* YOUR TASK *
Please transcribe the listing below in full, exactly as written, leaving out its pictures.

* DATA FOR ANALYSIS *
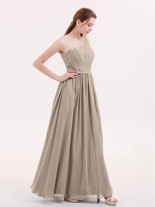 Babaroni CrystalCrystal Un Hombro Gasa Y Encaje Vestido Con Apertura Topo Tallas Grandes
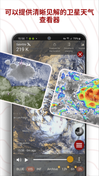 4、预测工具强大:Windy不仅提供预报,还具备分析天气前线、回顾历史模式等强大工具,帮助用户深度理解天气。
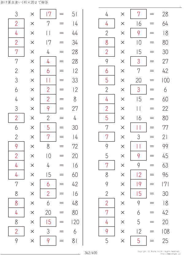 上記のボタンから「1桁かける20までの掛け算」の算数数学ドリル・計算ドリル(PDFプリント)がダウンロードできます。個人利用は無料です(家庭以外での配布は有料です)。
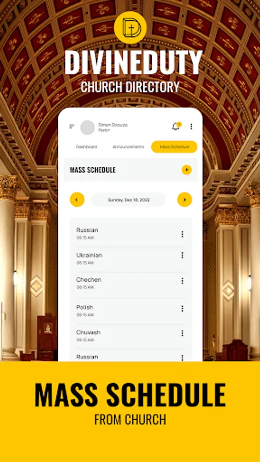 Stay connected and informed with push notifications for events and updates. Easily search for churches near you and view their contact information, service times, and events. Create and manage events with ease, from scheduling to promoting. Streamline church administration and communication with members, using our system.
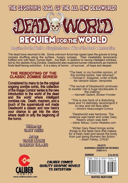 Before there was The Walking Dead there was Deadworld. Here is an introduction of the long running classic horror series, Deadworld, to a new audience! Considered by many to be the godfather of the original zombie comic with over 100 issues and graphic novels in print and over 1,000,000 copies sold, Deadworld ripped into the undead with intelligent zombies on a mission and a group of poor teens riding in a school bus desperately try to stay one step ahead of the sadistic, Harley-riding King Zombie. Death, mayhem, and a touch of supernatural evil made Deadworld a classic and now here's your chance to get into the story! This is a graphic novel compilation of the six issues that rebooted the classic series. Deadworld - a world that has suffered the unleashing of a supernatural holocaust as the dead return to walk the Earth. Isolated pockets of humanity struggle to survive. It is a world torn apart by death, yet surprisingly, held together by hope. Deadworld, where death is only the beginning of the horror. Collects issues #1-5 of comic series Deadworld: Requiem for the World.
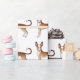 Illustration originale de Destei d'un joli manteau lisse rouge et blanc Ibizan Hound / Podenco Ibicenco race dog en motif.
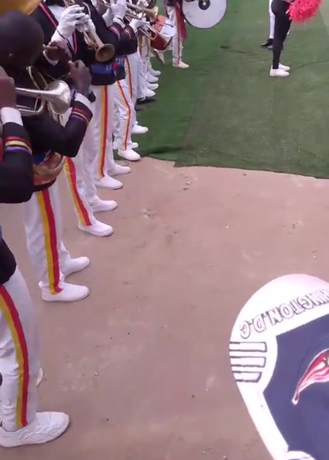 A low-angle shot captures a marching band assembled for an outdoor performance
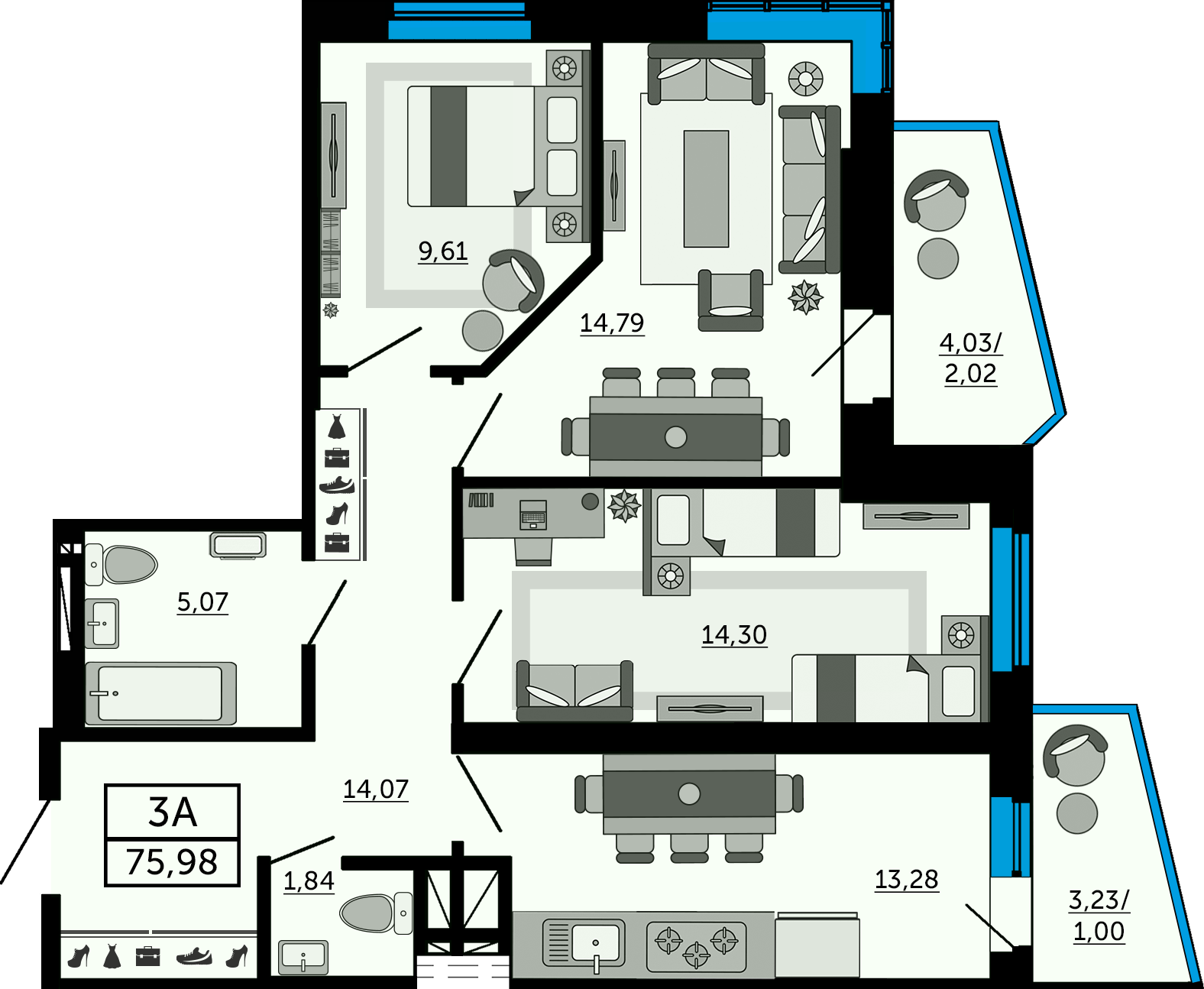 Комфортабельные квартиры с панорамным остеклением. Хорошая площадь всех квартир: до 76 кв. м. Есть лоты с балконом и лоджией, кухней-гостиной, гардеробной и гостевым санузлом.

* RESPONSE AREA *
 Babaroni CrystalCrystal Un Hombro Gasa Y Encaje Vestido Con Apertura Topo Tallas Grandes
 4、预测工具强大:Windy不仅提供预报,还具备分析天气前线、回顾历史模式等强大工具,帮助用户深度理解天气。
 上記のボタンから「1桁かける20までの掛け算」の算数数学ドリル・計算ドリル(PDFプリント)がダウンロードできます。個人利用は無料です(家庭以外での配布は有料です)。
 Stay connected and informed with push notifications for events and updates. Easily search for churches near you and view their contact information, service times, and events. Create and manage events with ease, from scheduling to promoting. Streamline church administration and communication with members, using our system.
 Before there was The Walking Dead there was Deadworld. Here is an introduction of the long running classic horror series, Deadworld, to a new audience! Considered by many to be the godfather of the original zombie comic with over 100 issues and graphic novels in print and over 1,000,000 copies sold, Deadworld ripped into the undead with intelligent zombies on a mission and a group of poor teens riding in a school bus desperately try to stay one step ahead of the sadistic, Harley-riding King Zombie. Death, mayhem, and a touch of supernatural evil made Deadworld a classic and now here's your chance to get into the story! This is a graphic novel compilation of the six issues that rebooted the classic series. Deadworld - a world that has suffered the unleashing of a supernatural holocaust as the dead return to walk the Earth. Isolated pockets of humanity struggle to survive. It is a world torn apart by death, yet surprisingly, held together by hope. Deadworld, where death is only the beginning of the horror. Collects issues #1-5 of comic series Deadworld: Requiem for the World.
 Illustration originale de Destei d'un joli manteau lisse rouge et blanc Ibizan Hound / Podenco Ibicenco race dog en motif.
 A low-angle shot captures a marching band assembled for an outdoor performance
 Комфортабельные квартиры с панорамным остеклением. Хорошая площадь всех квартир: до 76 кв. м. Есть лоты с балконом и лоджией, кухней-гостиной, гардеробной и гостевым санузлом.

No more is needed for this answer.